Figure 3: Binding of DNS-PMAP23 to S. epidermidis cells


In this work, we have extended our previous studies on the quantitative determination of AMP binding to bacterial cells. Together with the determination of bacterial killing under the same conditions, these experiments provided several novel insights in the mechanism of action of AMPs.

We found that, for both Gram-negative and Gram-positive bacteria, ~107 AMP molecules must accumulate on a single cell to kill it. This number is supported from the few studies available in the literature, in addition to ours, using different techniques, AMPs and bacteria. In particular, here we extended its validity to Gram-positive microbes. Therefore, this finding seems to be of general relevance.

The huge amount of peptide molecules needed to cause cell death provides strong support to the carpet model for the mechanism of pore formation in bacterial membranes. Since this model was originally devised based on physico-chemical studies on artificial bilayers, its generalization to real cells underlines the importance of quantitative investigation of AMP-membrane interactions, and indicates that liposomes are a useful model to investigate the mechanism of action of AMPs, despite their simplicity. In particular, it had been argued that the bilayer coverage needed for pore formation in artificial membranes was too high to be reached at the concentrations needed for bacterial killing. On the contrary, our data demonstrate that the high affinity of AMPs for bacteria explains why this is actually happening under the conditions of in vitro assays.
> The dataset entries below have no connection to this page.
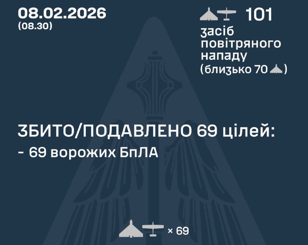 За попередніми даними, станом на 08:30, протиповітряною обороною збито/подавлено 69 ворожих БпЛА типу Shahed, “Гербера”, “Італмас” та дронів інших типів на півночі, півдні та сході країни.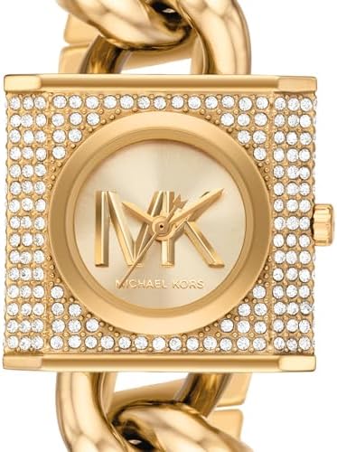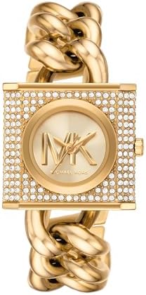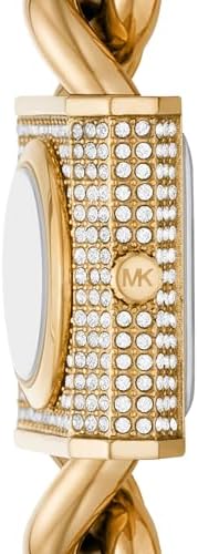 Michael Kors The 25mm MK chain lock watch features a gold logo dial, pave case, three-hand movement and gold stainless steel bracelet.
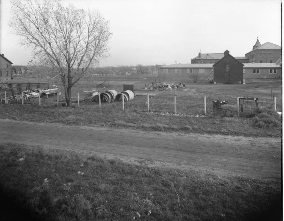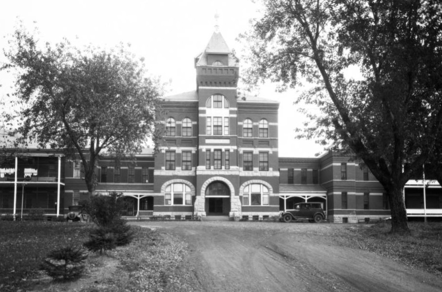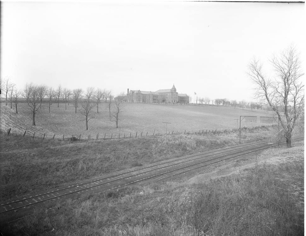 Tracks for the Omaha Belt Line ran through the center of the property. On the eastern end was the poor farm cemetery, often called a potter’s field. Constructed in 1888, the original hospital focused on treating tuberculosis, plagues, and psychiatric patients. Over time, overcrowding and structural problems made a new facility necessary.
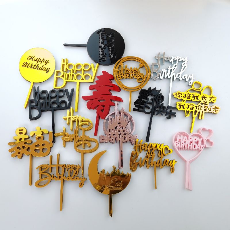 Nhà cửa & Đời sống > Dụng cụ nhà bếp > Dụng cụ nướng & trang trí bánh || Túi 10 hình cắm mica tráng gương trang trí bánh sinh nhật, topper cakeCòn hàng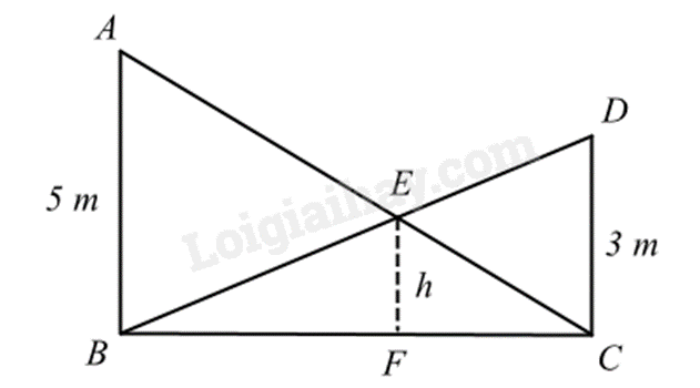 1. Có hai chiếc cột dựng thẳng đứng trên mặt đất với chiều cao lần lượt là 5 m và 3 m. Người ta nối hai sợi dây từ đỉnh cột này đến chân cột kia và hai sợi dây cắt nhau tại một điểm. Tính độ cao ℎ của điểm đó so với mặt đất.
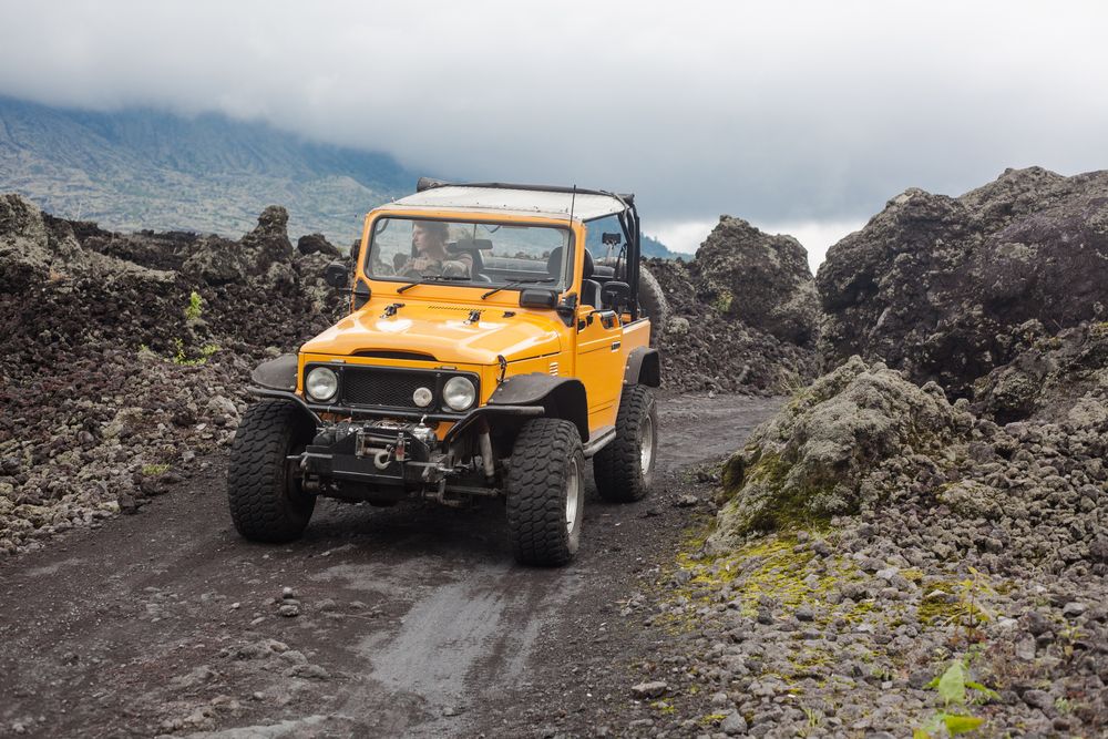 - A curly-haired man is looking away driving an offroad yelow vehicle at the top of a valley with dark ground road: £29
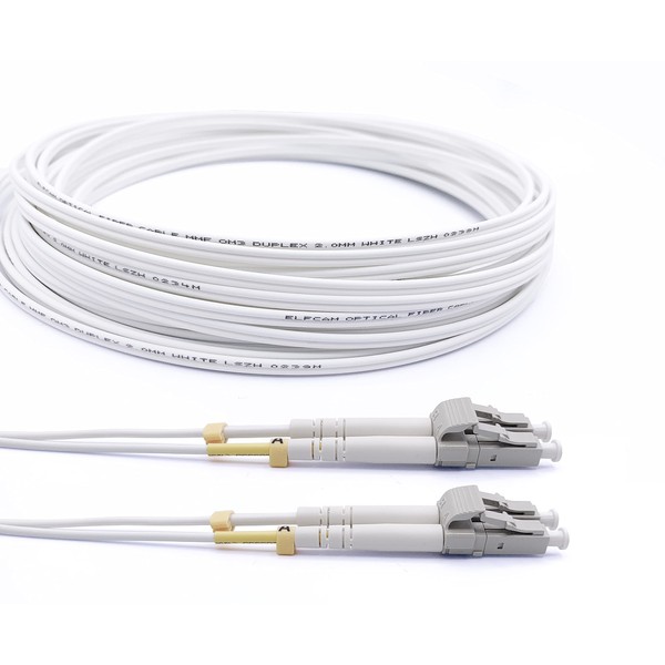 Elfcam® - Fibre Optic Cable (Optic Cable) LC/UPC to LC/UPC OM3 Multimode Duplex 50/125um LSZH, White (30M)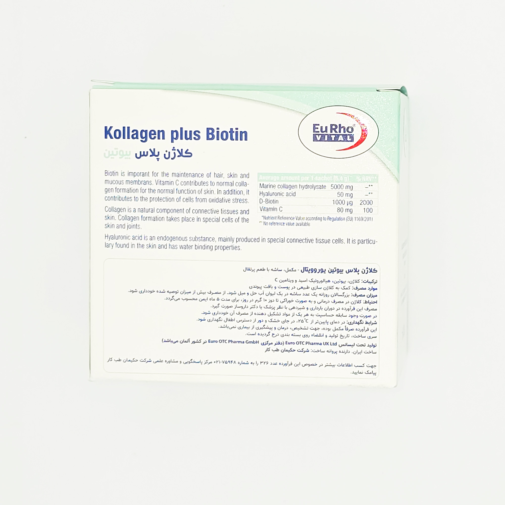 ساشه کلاژن پلاس بیوتین یوروویتال حاوی 5000 میلی گرم کلاژن هیدرولیز شده، 1000 میکروگرم بیوتین به علاوه هیالورونیک اسید و ویتامین ث است. کلاژن پلاس بیوتین داراییک فرمول اختصاصی و مؤثر برای کمک به جوانسازی پوست، کنترل ریزش مو و تقویت استحکام ناخن ها می باشد.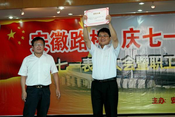 上午8:30,在表彰大會上,橋梁公司黨支部榮獲了“先進黨支部”優(yōu)秀稱號,支部書記劉振嶺獲得“優(yōu)秀黨務(wù)工作者”稱號,公司員工錢申春、李建成等人榮獲“優(yōu)秀黨員”榮譽稱號,北二環(huán)項目部趙明星紀(jì)念改革開放征文二等獎。這些榮譽稱號不僅僅是橋梁公司黨支部和黨員的光榮,也是對他們工作的充分肯定。在過去的一年里,橋梁公司全體黨員在公司黨委和橋梁黨支部的直接領(lǐng)導(dǎo)下,做了大量的基礎(chǔ)性工作,各項目部努力爭創(chuàng)“黨員先鋒號”和“青年文明號”工程,黨員同志在各自崗位上充分發(fā)揮了先鋒模范作用。特別是今年4月30日,橋梁公司以科學(xué)發(fā)展觀為指導(dǎo),著手加強員工團隊意識培訓(xùn),取得了較好的成績。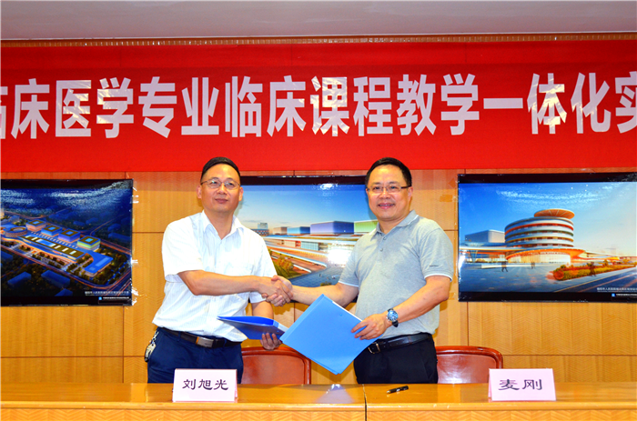 麦刚致欢迎辞并介绍德阳市人民医院概况。刘旭光与麦刚代表双方签订教学合作协议。廖珊对beat365本科生临床理论教学和德阳市人民医院的成功合作表示祝贺并作重要讲话,她认为此举是深化医学教育改革、输送更多优秀医生、推进健康中国的重要举措。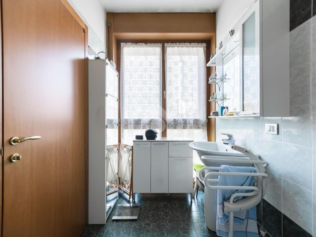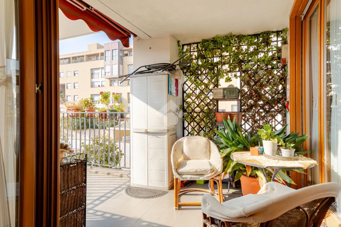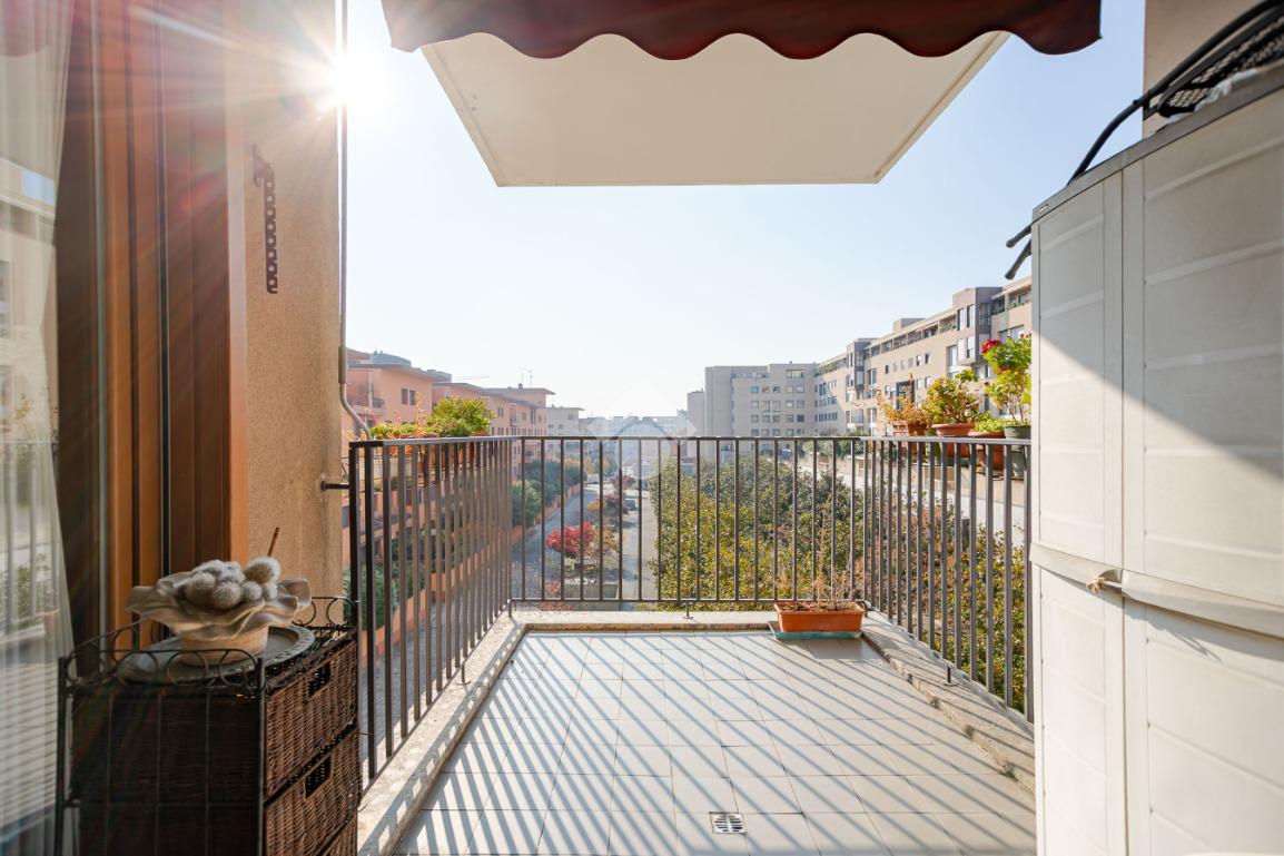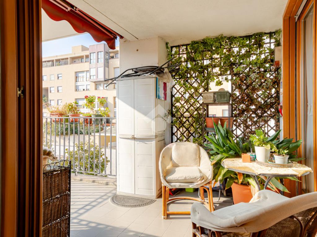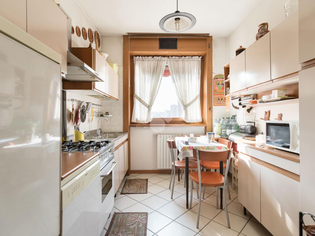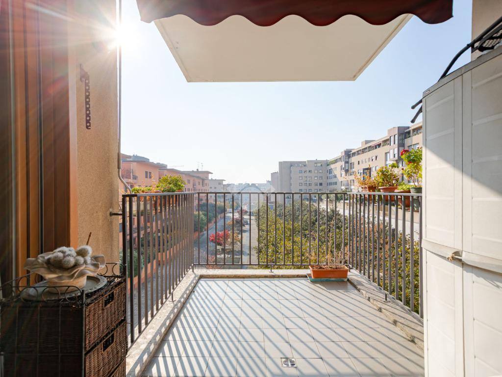In contesto condominiale con servizio di portineria, proponiamo un ampio trilocale situato al terzo piano. L'immobile offre spazi ben distribuiti e luminosi ed è così composto: ingresso, spazioso soggiorno da cui si accede al terrazzo loggiato, cucina abitabile, disimpegno zona notte con camera da letto e bagno en suite finestrato, cameretta, ripostiglio e secondo bagno cieco. Completano la soluzione la cantina di pertinenza e la possibilità di un box singolo ad Euro 25.000. L'appartamento è in buone condizioni interne, dotato di teleriscaldamento e teleraffrescamento con fan - coil.

In the case of the Gram-positive bacteria studied here, the number of ~107 molecules even exceeds the total available surface area. Determination of the binding affinity of DNS-PMAP23 for LTA indicated that peptide association to this cellular component, and sequestration of a significant fraction of the peptide molecules, could explain this finding. By contrast, in the case of Gram-negative bacteria, the core region of LPS appears to have a marginal role in peptide binding, possibly providing a rationale for the lower membrane coverage needed in the case of those cells. On the other hand, we observed that truncation of the core portion increases the susceptibility of bacteria to AMP action, possibly due to the loss of the stabilizing effect of the saccharides on the structure of the outer membrane. Our findings contribute to the ongoing debate on the role of LPS in the action of AMPs, indicating that stabilization of the outer membrane, rather than peptide sequestration, can explain its protective action.

The anionic charge of bacterial membranes is generally considered one of the principal determinants of the selectivity of AMPs for pathogen versus host cells. However, this idea is based mainly on studies on artificial membranes. We tried to verify it in real bacteria by exploiting bacterial strains where the synthesis of PG and/or CL was blocked by specific mutations. Surprisingly, elimination of PG or of PG and CL did not cause a reduction in AMP/cell association. Lipidomic studies showed that this unexpected result was due to the compensation of the lacking lipids by other anionic membrane components. This finding underlines the difficulty involved in the development of bacterial resistance to AMPs by alteration of the membrane composition and charge.

Finally, our data showed that, once the cell membranes lose their integrity, AMP can access intracellular cell components and peptide/cell association increases by an order of magnitude. This finding provides a quantitative justification for the recent observation of AMP accumulation in dead bacterial cells and could be relevant to better describe bacterial population susceptibility to AMPs. Peptide sequestration by dead cells reduces the available peptide concentration and can thus protect the remaining bacteria from the action of AMPs. Our result, by determining the affinity for both live and dead bacterial cells, can provide a basis for quantitative modeling of this effect.

Of course, several questions remain open regarding the interaction of AMPs with bacterial cells. The application of quantitative physico-chemical and biophysical approaches to studies of peptide/cell association is a powerful tool for the characterization of AMPs that will hopefully lead to a step forward in our understanding of these molecules and in their development for therapeutic purposes.